Tuesday, March 17, 2015

Homo Semi-Sapiens

By Daniel Rigney

We human beings have reached a precarious moment in our evolution. For the first time in history we’re smart enough to be capable of destroying ourselves as a species, and dumb enough to do it.
With characteristic modesty we’ve named ourselves Homo sapiens (“the wise human”) when we’re really only half-wise at best. As a relatively intelligent species, we’ve managed to survive by our wits through lo these many icy and saber-toothed ages. But we’re only half-wits when it comes to restraining our own powers of destruction. As the philosopher Pogo sagely observed, we’ve met the enemy, and it is us.

I will argue, therefore, that we should modify our official taxonomic classification, from Homo sapiens to Homo semi-sapiens, to reflect our actual and perilous condition of half-wittedness.

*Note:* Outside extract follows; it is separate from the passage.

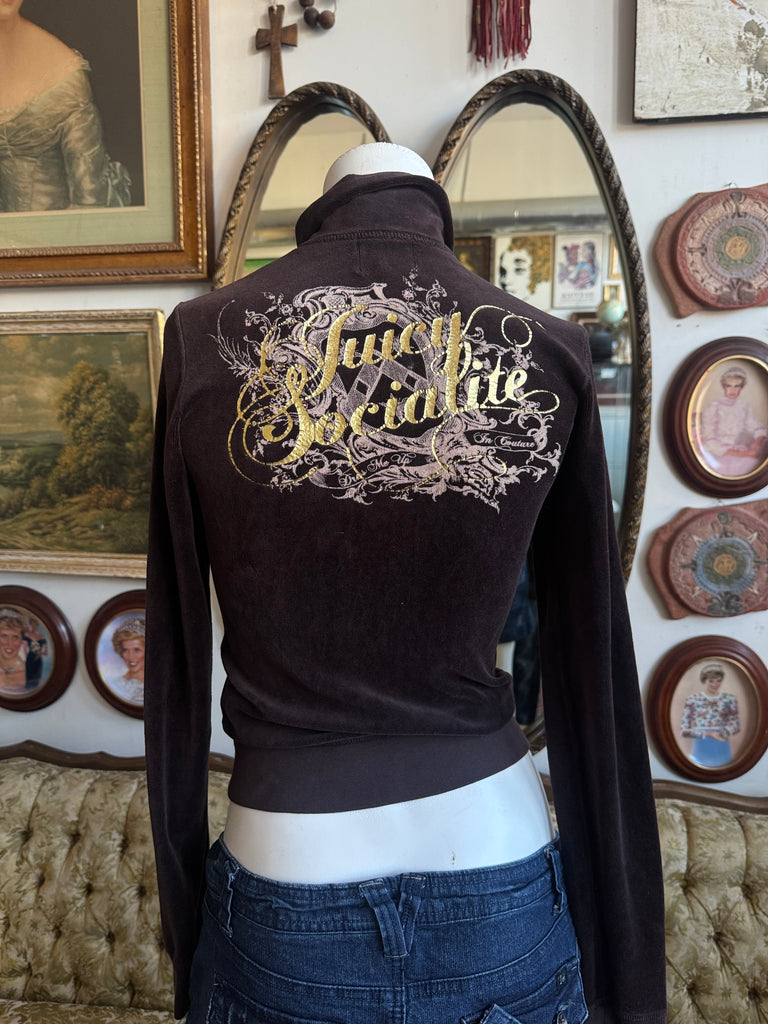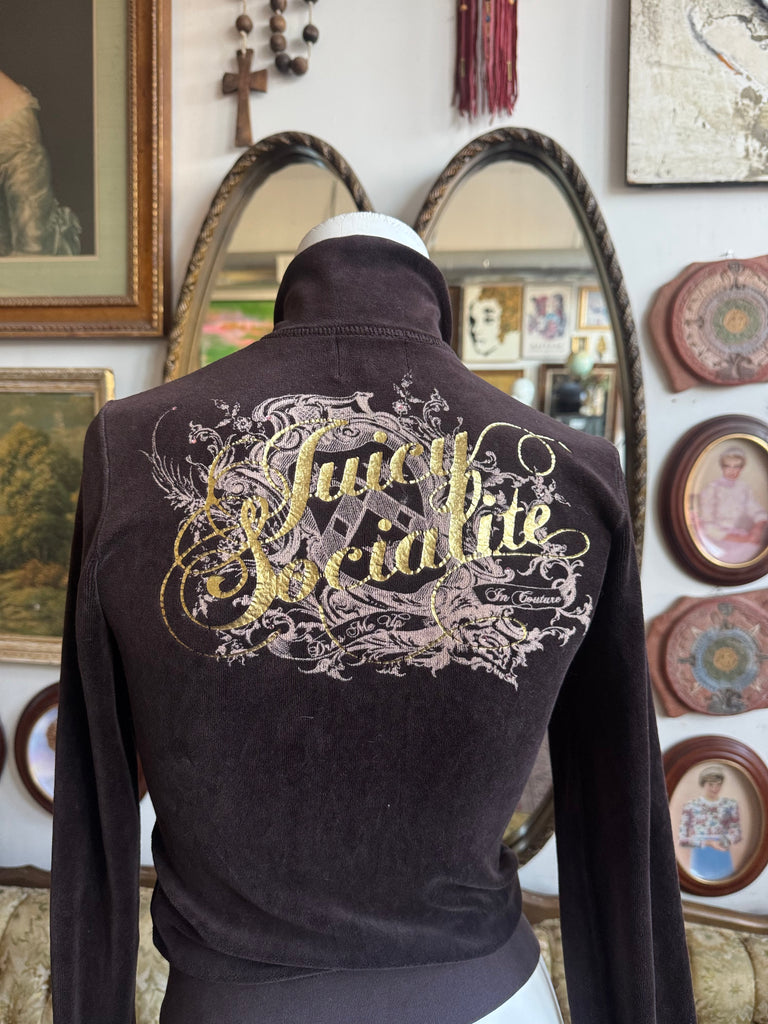 Y2K Brown Velour Juicy Couture Track Jacket Size Small

Let's be honest about this.* (Why not? What do we have to lose at this late hour?) Our species may lack the wisdom to survive the next century or two, let alone to sustain and renew itself through future millennia.

I’m not concerned just about our self-destructive carbon addiction, which is causing us to alter the ecosphere beyond repair with our greenhouse gas emissions, which are slowly but surely turning the planet into a gas oven. I’m concerned as well about our demonstrated capacity to design and implement sophisticated and efficient death technologies – nuclear, biological, chemical, nanobotic, and YTBD (yet to be discovered) – some of which are still in their technical or conceptual infancy.
I'd like to believe we'll have the wisdom to stop inflicting these deadly marvels of human ingenuity upon each other, and thus upon ourselves as a species. But lately, Homo sapiens has been looking less like the "wise human" than like a child playing with a hand grenade.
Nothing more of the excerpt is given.